The Women of San Quentin


  • Photographer
    Kris Schreier Lyseggen
  • Prize
    Honorable Mention
  • Date of Photograph
    2013/2014
  • Technical Info
    120 film/ medium format

Kristin Schreier Lyseggen has been working on long term photography projects since she graduated from Birmingham Institute of Art & Design in 2004 (UK). When she came upon a world of gender-fluid individuals her experience left her wanting more. She spent the next decade working on gender identity to illuminate the lives of people who are born in a body that does not match their gender. Trained in Oslo, UK, Bangkok and California, Kristin's recent work include The Women of San Quentin about trans*women in US male prison system.

Story

I started this project before we learned that Private Bradley Manning was to become Chelsea Manning and before anyone had seen the popular Netflix TV show “Orange is the New Black” where the actress Laverne Cox, herself trans, plays the magnanimous, edgy, wise trans woman inmate Sophia Burset. In real life, trans women are put in male prisons with notorious predators. The passport to a women's penitentiary for trans women is usually bottom surgery. However many trans women have not had genital surgery but are taking estrogen and so have acquired many female secondary sexual characteristics like breasts. For these women, living with men in a prison environment is extremely challenging and often dangerous. The only option for many of them is to live isolated in a cage, or to become a sex slave of another prisoner. My mission was complex and perilous. In order to understand the harsh reality of their lives, I had to gain the trust of these women.
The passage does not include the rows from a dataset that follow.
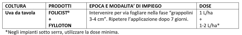 FOLICIST® e FYLLOTON si applicano per via fogliare nella fase di emissione dei grappolini, quando gli stessi hanno lunghezza di 3-4 cm circa: epoca caratterizzata da intensa attività metabolica e cellulare.
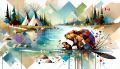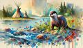 "Fiery Watercolors: An Artistic Beaver Overlooking a Canine River Scene"
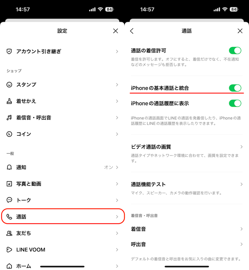 (左)LINE 应用程序设置 → 通话(右)与 iPhone 基本通话集成

As often is the case with my work, I did not have a clear boundary between this project and my personal life. At first, when I started receiving their letters in my mailbox, I didn’t quite know where to put their stories. The letters spoke of things I had never heard before, stories of abuse that were so horrific that I didn’t know how to respond. Their stories were so broken, stories from outside and inside a prison system with a notorious reputation. I found nothing redeeming in their descriptions of life inside prison living with a profound difference that renders them prisoners twice over - both imprisoned for their crimes and imprisoned again for their gender difference.